XIX столетие для Сахалина и Курильских островов началось весьма драматично. Его первое десятилетие памятно очередной неудачной попыткой России вступить в торговые отношения с Японией, а также первым русско-японским вооружённым столкновением на данных островах.

Попытка наладить дипломатические и торговые отношения с Японией имела место в 1804-05 годах в рамках дипломатической и исследовательской экспедиции под руководством уполномоченного Российско-Американской компании Н.П.Резанова и морского офицера царского флота И.Ф.Крузенштерна. При этом, дипломатическая часть экспедиции была возложена на Резанова, а исследовательская на Крузенштерна.

С осени 1804 по весну 1805 года российский шлюп «Надежда» пребывал в заливе Нагасаки, ожидая ответа от японского правительства на предложение вступить в переговоры. Верное политике самоизоляции, японское правительство ответило отказом начать с Россией торговлю (в том числе и посредническую, через айнов Сахалина и Курил). Следствием данного отказа стала бурная реакция раздражённого Н.П.Резанова. Российский дипломат составил меморандум, где в резких выражениях потребовал от правительства сёгуната устранения всяческих препятствий и установления торговых отношений между двумя странами. В числе требований российского уполномоченного был также отказ Японии от включения в свой состав всех территорий к северу от Хоккайдо. А последний пункт меморандума содержал недвусмысленную угрозу в адрес японской стороны применить военную силу для выполнения российских требований.

Де-факто это был ультиматум. Причём, ультиматум, соответствовавший духу времени – XIX века, когда сильные державы Запада силой навязывали отсталым государствам Азии и Африки дипломатические и экономические отношения, как правило, последним невыгодные.

Следует оговориться, что официальный Петербург, всё же, не ставил себе задачей силой «открыть» Японию для внешней торговли.
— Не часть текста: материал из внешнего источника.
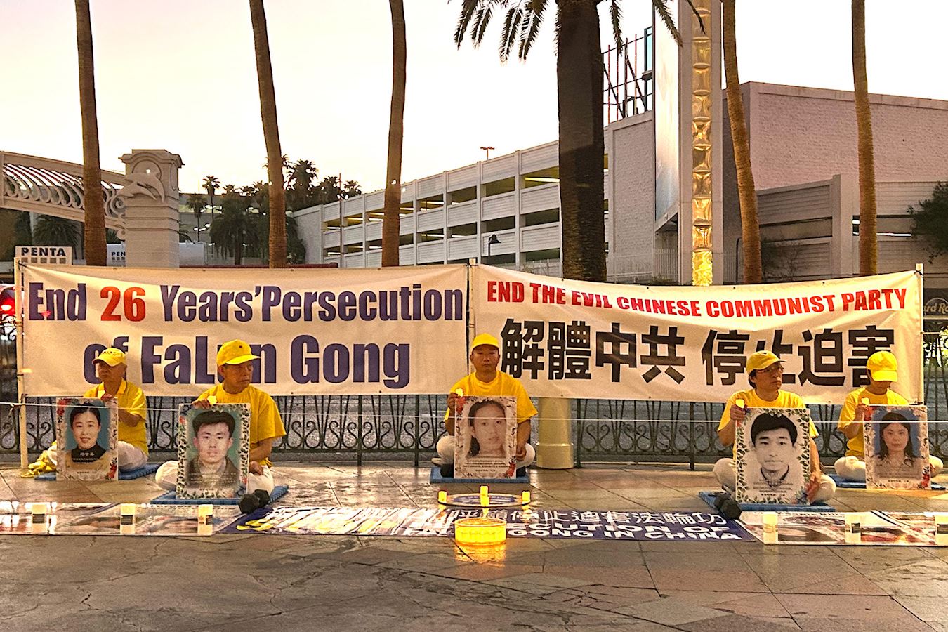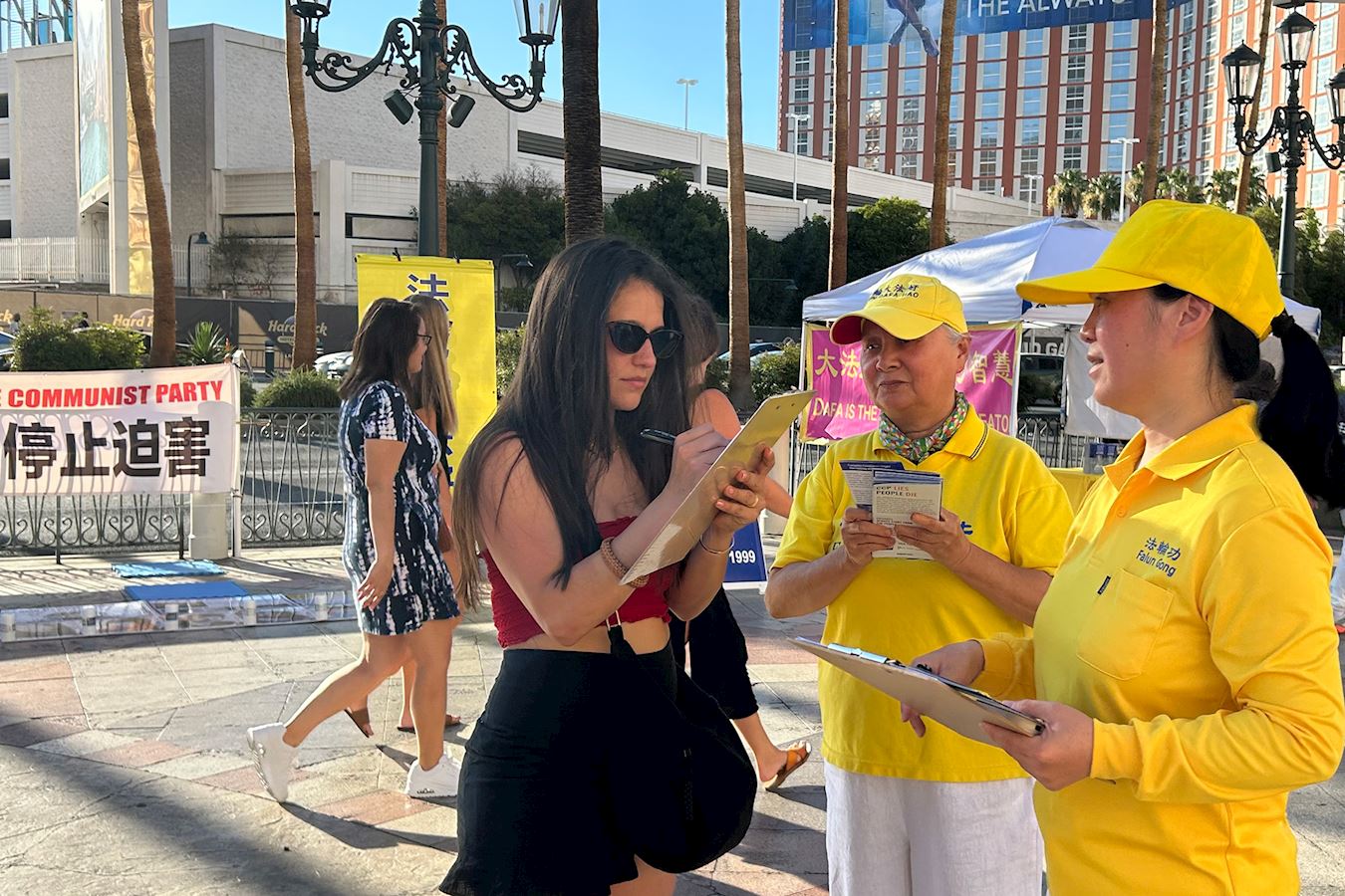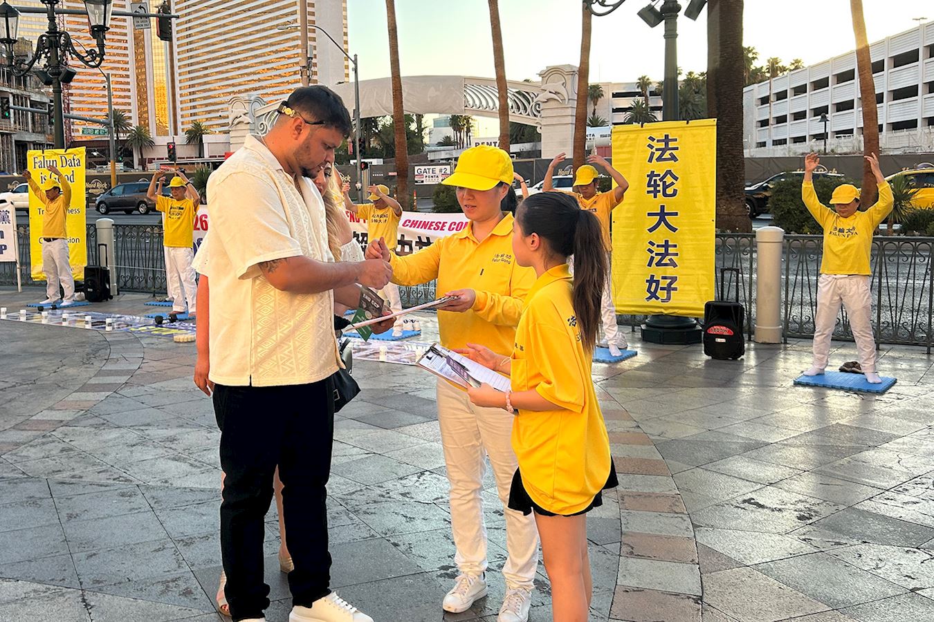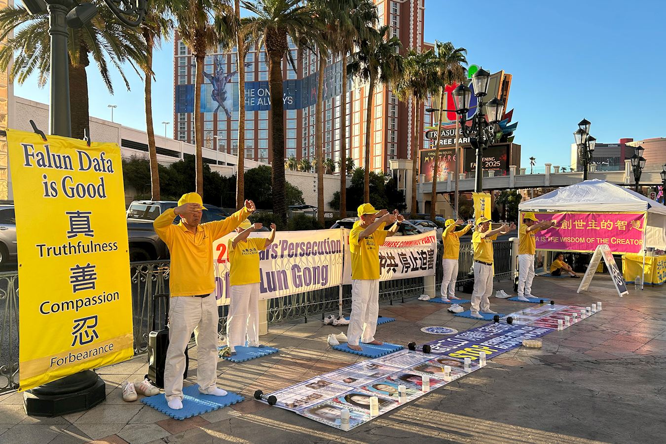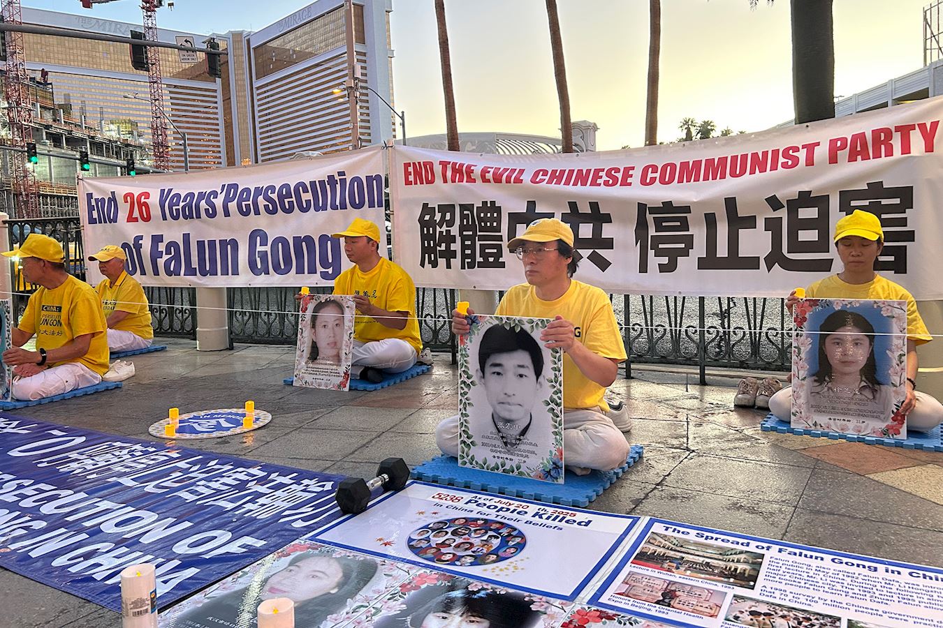 赌城的夏季炎热异常,即使到了傍晚时分也有华氏100度(近38摄氏度)。但赌场大道上仍然是人群密集、往来穿梭不息。法轮功学员顶着盛夏的酷暑在大道的一侧搭起了帐篷,架起了真相展板,展开醒目的条幅,功法展示、烛光夜悼、发放真相资料及征集反迫害签名活动。

У России в начале XIX в.  было множество куда более важных внешнеполитических задач в Европе и на Ближнем Востоке, чтобы позволить себе конфликт ещё и на Дальнем Востоке. Ультиматум Резанова следует считать не более чем эксцессом исполнителя, что, впрочем, тоже отвечало духу эпохи колониализма.

Исследовательская часть данной экспедиции проходила с мая по июль 1805 г. и охватила южное, восточное и крайнее северо-восточное побережье Сахалина, то есть маршрут экспедиции Крузенштерна вдоль сахалинского берега пролегал от пролива Лаперуза до Сахалинского пролива и затронул залив Анива, залив Терпения, весь восточный берег Сахалина и Сахалинский залив. Пределом плавания Крузенштерна стал Амурский лиман, исследовать который российский мореплаватель счёл излишним ввиду его абсолютной пресноводности. Данное обстоятельство утвердило Крузенштерна в мысли об отсутствии пролива между Сахалином и материком, т.е. в полуостровном положении Сахалина. 

Таким образом, повторилась история восьмилетней давности, когда Уильям Броутон так же, не решившись исследовать Амурский лиман, поспешил с выводом о наличии сухопутного моста между Сахалином и Азией. Только в 1805 г. направление исследования шло не с юга, с Татарского пролива, а с севера, из акватории Сахалинского залива.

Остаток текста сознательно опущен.